▶ EXERCISE
Drop the pictures and repeat the remaining data exactly.

▶ RAW DATA
★ ★ ★ ★ ★ ★ ★

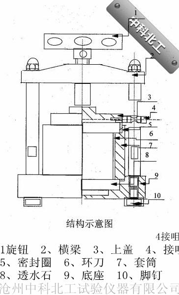 儀器主要由上蓋,底座,套座,環(huán)刀,透水石,螺桿等組成(見示意圖)。
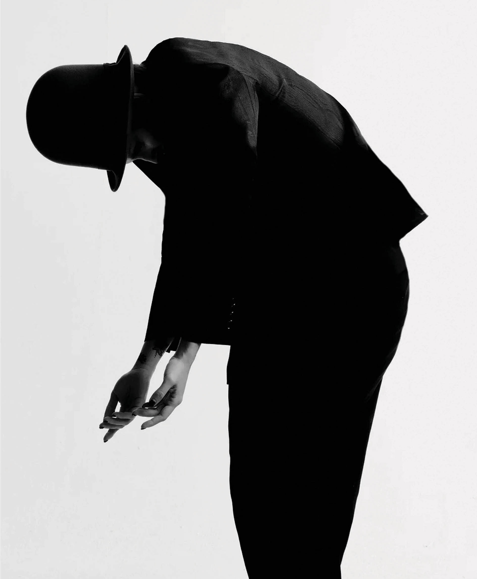 A figure draped in textured white fabric bends forward, with a brown braided ponytail tied with a pink ribbon visible against the cloth. The background is gray and muted in tone.
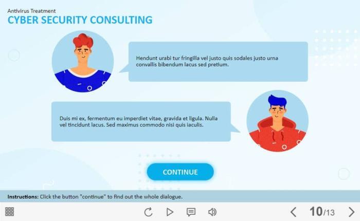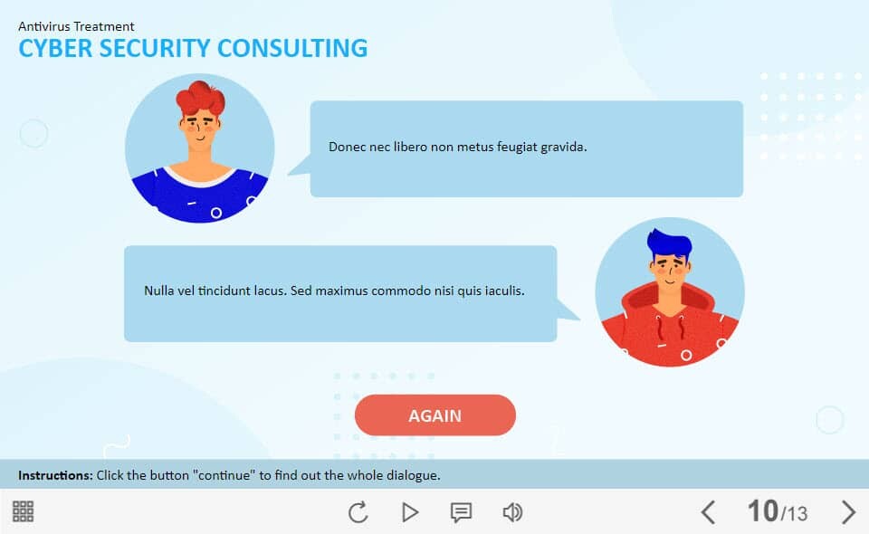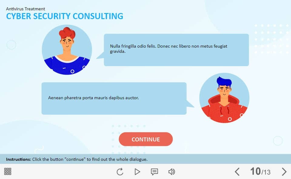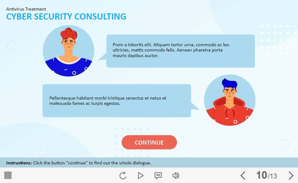 Interactive Dialogue — Lectora Template. The unique eLearning interaction is designed with Lectora 18 software. The template contains illustrations of two characters who are talking to each other. The user must click on the button to reveal the additional part of their conversation. The template slide is a ready-made product: all you need is to insert it into the projects and fill with own training content. We recommend to launch it on the devices with the screen size more than 7 inches. We’ve collected lots of Trivantis Lectora templates to speed up the course development and to save you from routine work.
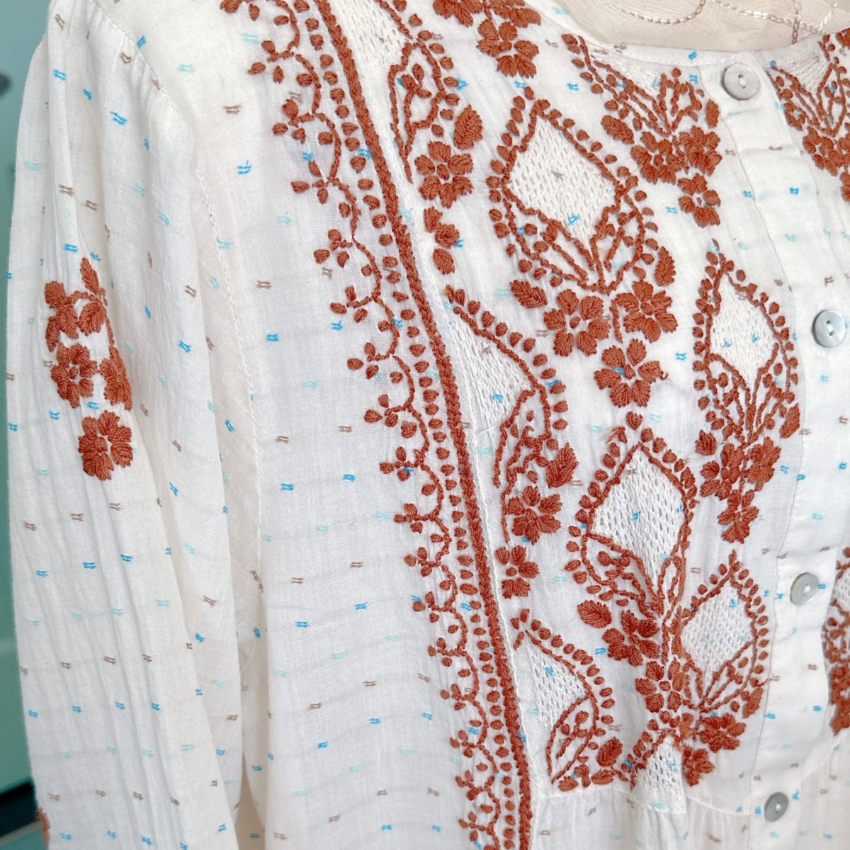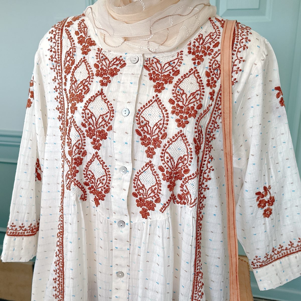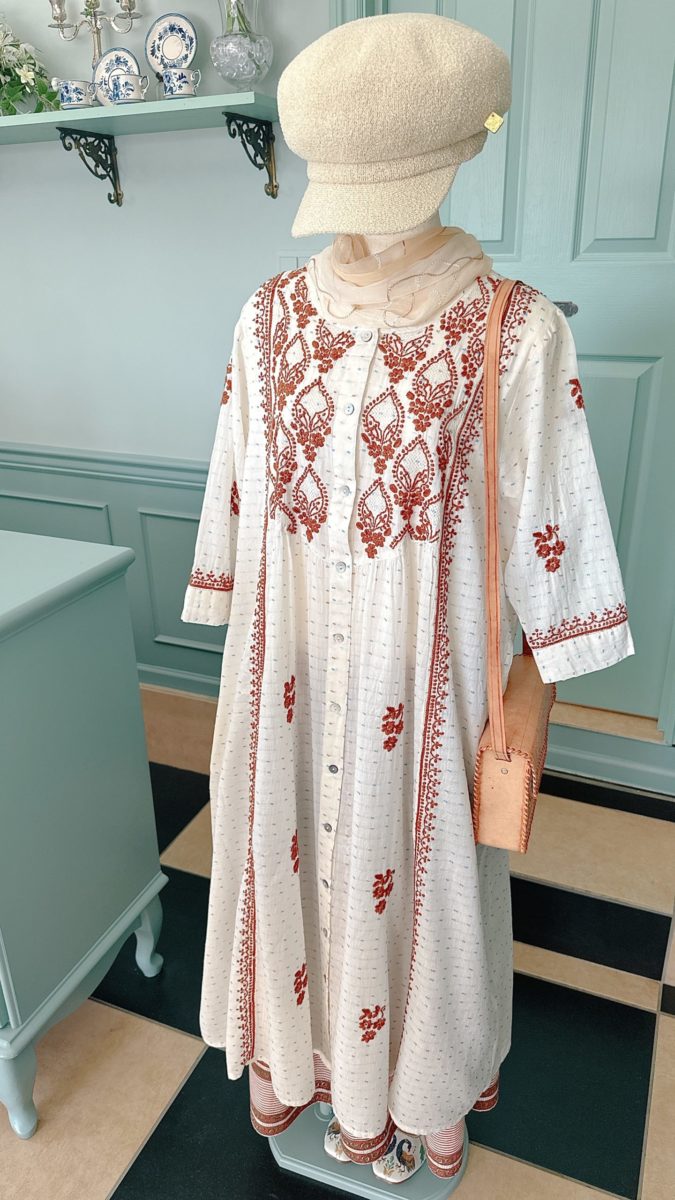 4. インド・ラクナウ地方の伝統刺繍 「チカンカリ」ワンピース

★ ★ ★ ★ ★ ★ ★

▶ FINISHED TASK
 儀器主要由上蓋,底座,套座,環(huán)刀,透水石,螺桿等組成(見示意圖)。
 A figure draped in textured white fabric bends forward, with a brown braided ponytail tied with a pink ribbon visible against the cloth. The background is gray and muted in tone.
 Interactive Dialogue — Lectora Template. The unique eLearning interaction is designed with Lectora 18 software. The template contains illustrations of two characters who are talking to each other. The user must click on the button to reveal the additional part of their conversation. The template slide is a ready-made product: all you need is to insert it into the projects and fill with own training content. We recommend to launch it on the devices with the screen size more than 7 inches. We’ve collected lots of Trivantis Lectora templates to speed up the course development and to save you from routine work.
 4. インド・ラクナウ地方の伝統刺繍 「チカンカリ」ワンピース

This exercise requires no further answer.